There is no indication that Foxe had Protestant sympathies, and in 1564 the bishop of Hereford judged him ‘neuter in religion’ while the bishop of Coventry and Lichfield thought him ‘meet to continue in office.’ His appearance on the commission of the peace at the beginning of Elizabeth’s reign reflected the eventual realization of his ambition to improve upon his clerkship of the signet: in May 1558, on the death of Sir John Price’s successor and three months after his own purchase of the freehold of Bromfield, he secured a life grant of the secretaryship of the marches. Later, ‘with the skill of a gifted pluralist’ he obtained the clerkship of the council as well.
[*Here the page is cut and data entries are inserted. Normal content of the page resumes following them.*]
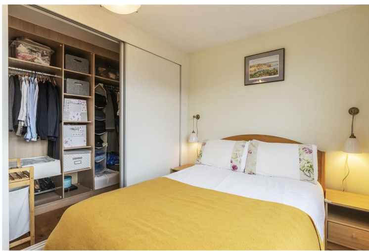
Bedroom 3 9'10" x 11'6" (3m x 3.51m )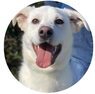
Mouse Adopted in October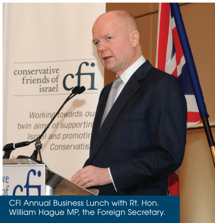
CFI Annual Business Lunch with Rt. Hon. William Hague MP, the Foreign Secretary.

His career during Elizabeth’s reign was that of a highly successful and hardworking, if somewhat corrupt, official. He died in December 1590.8

Ref Volumes: 1509-1558

Author: Alan Harding

Notes

  • 1. Salop RO, Ludlow bailiffs’ accts. 1540-1.
  • 2. Hatfield 207.
  • 3. Date of birth estimated from first reference. Vis. Salop (Harl. Soc. xxviii), 191-3; C1/1122/42; Trans. Salop Arch. Soc. (ser. 2), xii. 137-41; PCC 59 Sainberbe.
  • 4. P. H. Williams, Council in the Marches of Wales, 159-61, 333, 348-9; CPR, 1557-8, p. 305; 1563-6, p. 319; Trans. Salop Arch. Soc. (ser. 2), xi. 316.
  • 5. LP Hen. VIII, xii; Salop RO, Ludlow bailiffs’ accts. 1540-1; VCH Salop, ii. 104.
  • 6. Williams, 157-9; PPC, vii. 31, 35, 306, 322-3, 325-6; APC, i. 16.
  • 7. CPR, 1557-8, p. 285; Pevsner, Salop, 85; C1/1122/42; Salop RO, Ludlow bailiffs’ accts. 1552-3, 1554-5.
  • 8. Cam. Misc. ix(3), 16, 45; CPR, 1557-8, p. 305; Williams, 159, 160, 164; HMC Hatfield, xii. 171; PCC 59 Sainberbe, 49 Harrington; C142/235/111.